WORK TO COMPLETE: Starting with the line that has "Magnifique reproduction de" in the records below and stopping after the line that has "志愿者用裂隙灯为村民检查眼睛", output every line exactly and nothing else; skip pictures.

(Beginning of RAW DATA)

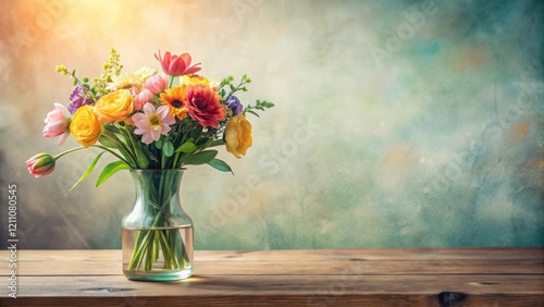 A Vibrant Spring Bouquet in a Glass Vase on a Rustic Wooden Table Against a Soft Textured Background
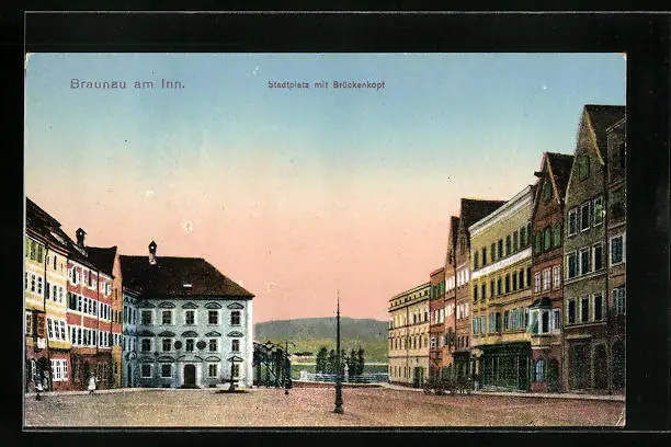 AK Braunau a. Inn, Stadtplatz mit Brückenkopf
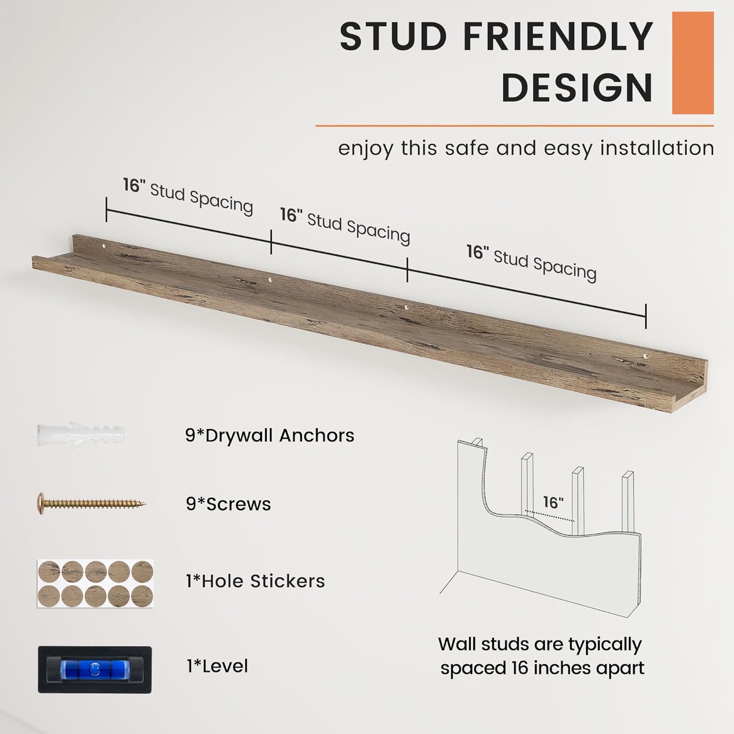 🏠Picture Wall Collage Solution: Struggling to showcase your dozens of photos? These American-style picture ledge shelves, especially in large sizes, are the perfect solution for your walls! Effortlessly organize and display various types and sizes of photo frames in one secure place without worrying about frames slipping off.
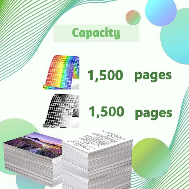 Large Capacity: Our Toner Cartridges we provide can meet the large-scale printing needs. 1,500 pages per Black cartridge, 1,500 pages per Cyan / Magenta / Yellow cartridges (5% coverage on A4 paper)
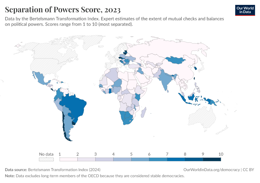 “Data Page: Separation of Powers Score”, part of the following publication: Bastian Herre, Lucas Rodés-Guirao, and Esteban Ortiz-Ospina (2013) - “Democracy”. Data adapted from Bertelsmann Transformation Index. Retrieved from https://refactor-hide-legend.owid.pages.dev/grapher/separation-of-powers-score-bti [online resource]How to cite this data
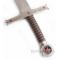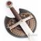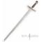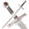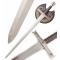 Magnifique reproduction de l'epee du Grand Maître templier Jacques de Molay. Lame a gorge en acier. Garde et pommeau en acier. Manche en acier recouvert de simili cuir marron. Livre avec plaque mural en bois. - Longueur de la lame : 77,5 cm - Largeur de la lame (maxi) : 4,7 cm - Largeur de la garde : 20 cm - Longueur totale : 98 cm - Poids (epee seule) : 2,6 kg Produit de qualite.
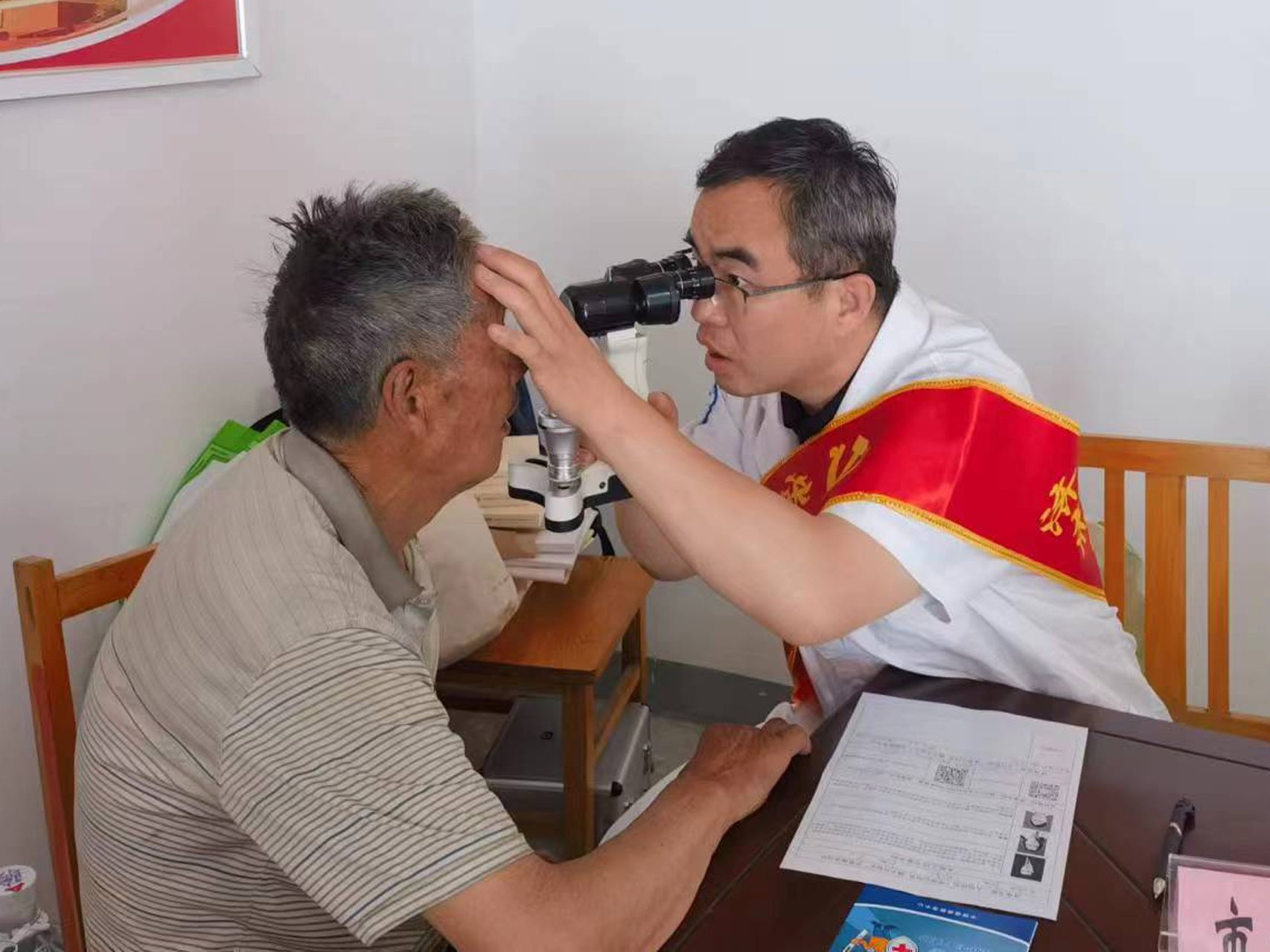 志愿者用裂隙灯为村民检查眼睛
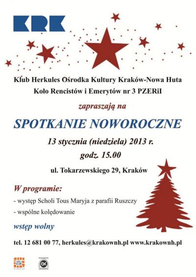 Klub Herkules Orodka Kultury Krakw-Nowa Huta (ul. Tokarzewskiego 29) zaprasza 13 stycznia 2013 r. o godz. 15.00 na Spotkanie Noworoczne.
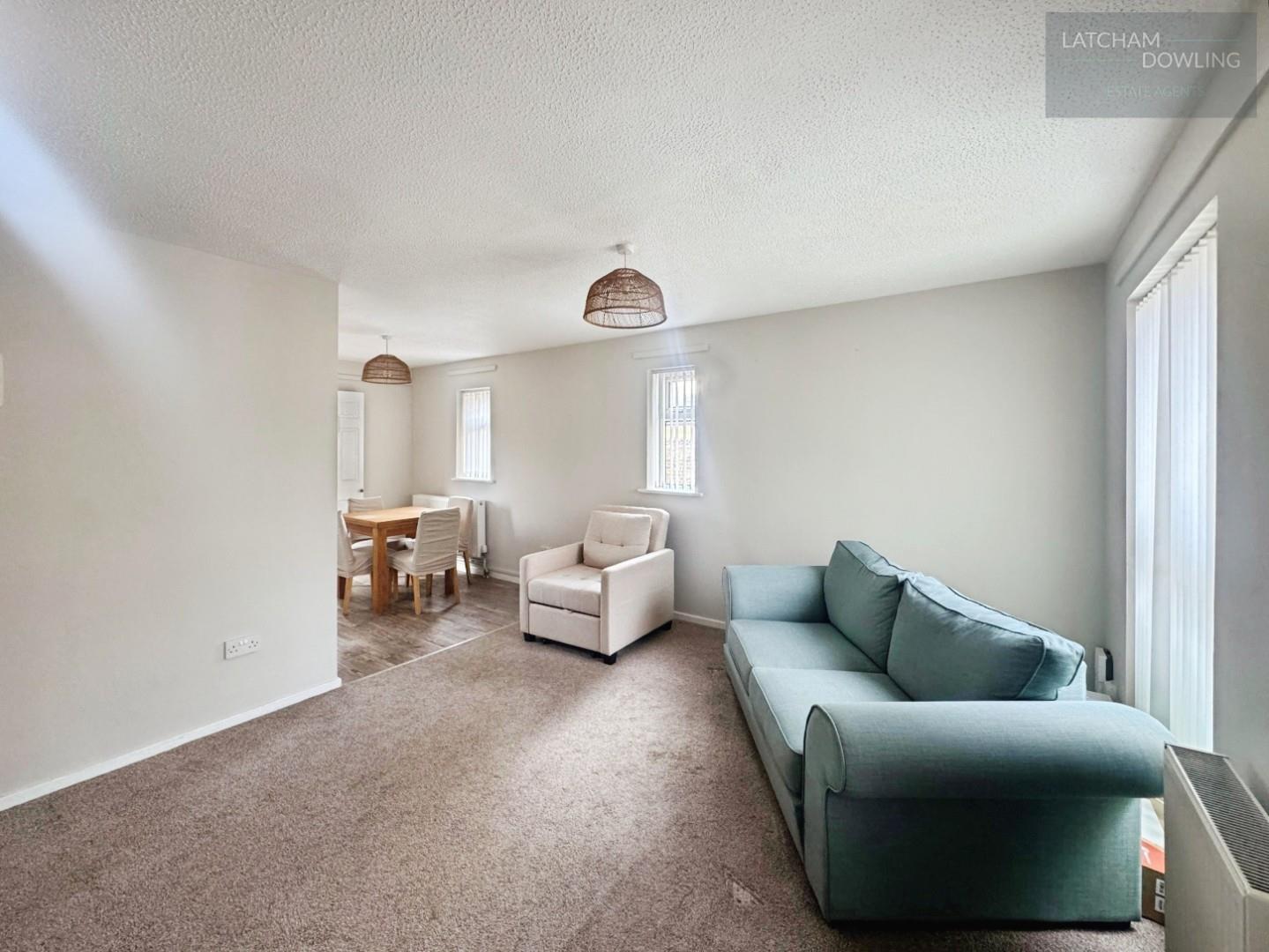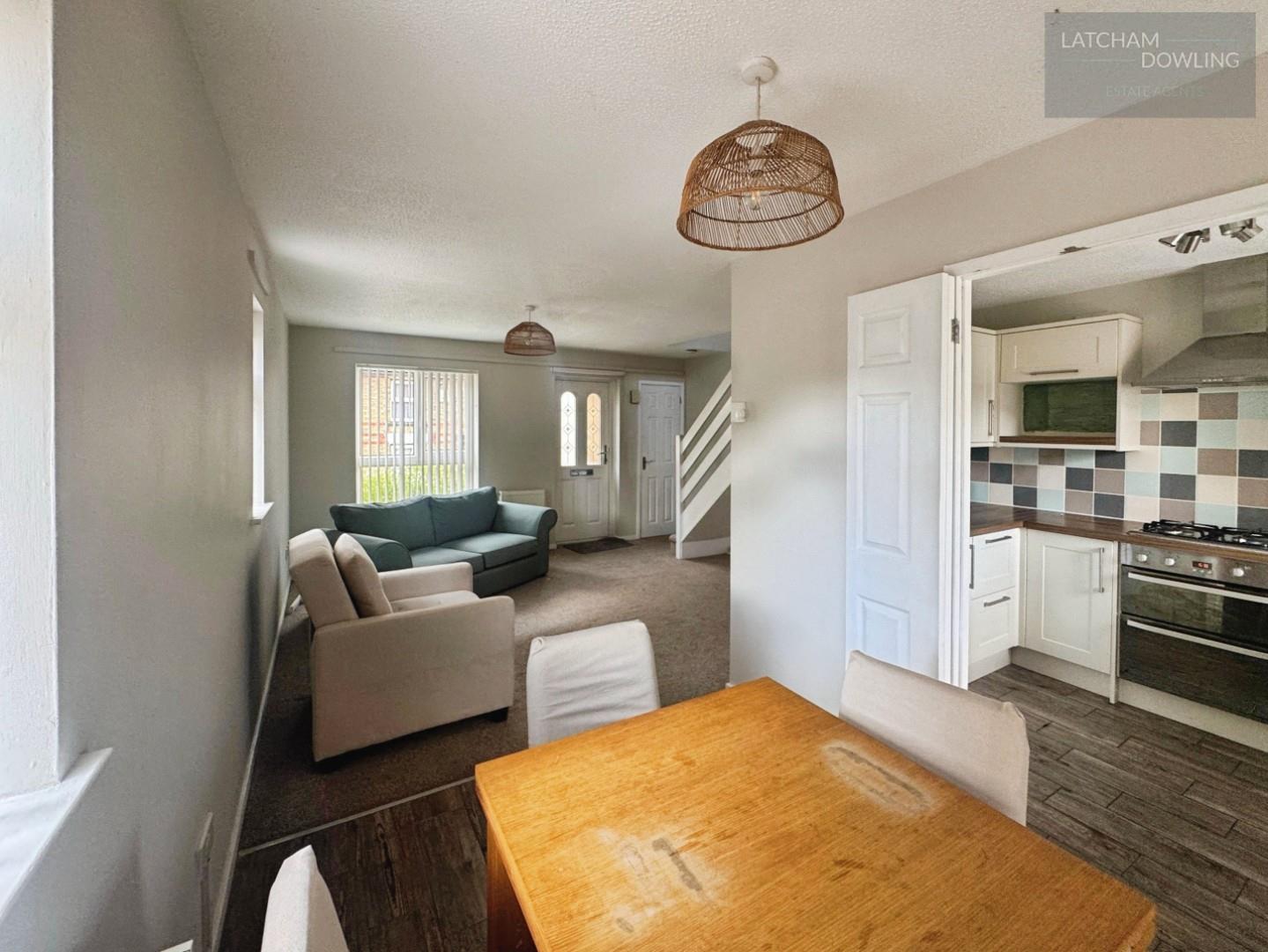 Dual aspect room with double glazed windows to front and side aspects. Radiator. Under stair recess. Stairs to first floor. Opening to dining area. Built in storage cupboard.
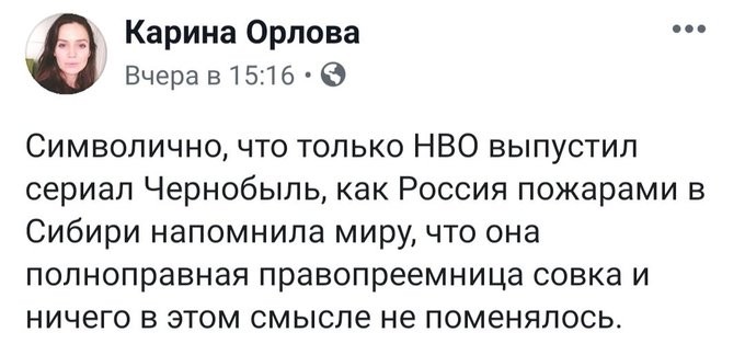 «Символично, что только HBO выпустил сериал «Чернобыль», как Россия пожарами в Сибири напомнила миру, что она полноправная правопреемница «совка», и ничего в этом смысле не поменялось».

(End of RAW DATA)

WRITTEN RESPONSE:
 Magnifique reproduction de l'epee du Grand Maître templier Jacques de Molay. Lame a gorge en acier. Garde et pommeau en acier. Manche en acier recouvert de simili cuir marron. Livre avec plaque mural en bois. - Longueur de la lame : 77,5 cm - Largeur de la lame (maxi) : 4,7 cm - Largeur de la garde : 20 cm - Longueur totale : 98 cm - Poids (epee seule) : 2,6 kg Produit de qualite.
 志愿者用裂隙灯为村民检查眼睛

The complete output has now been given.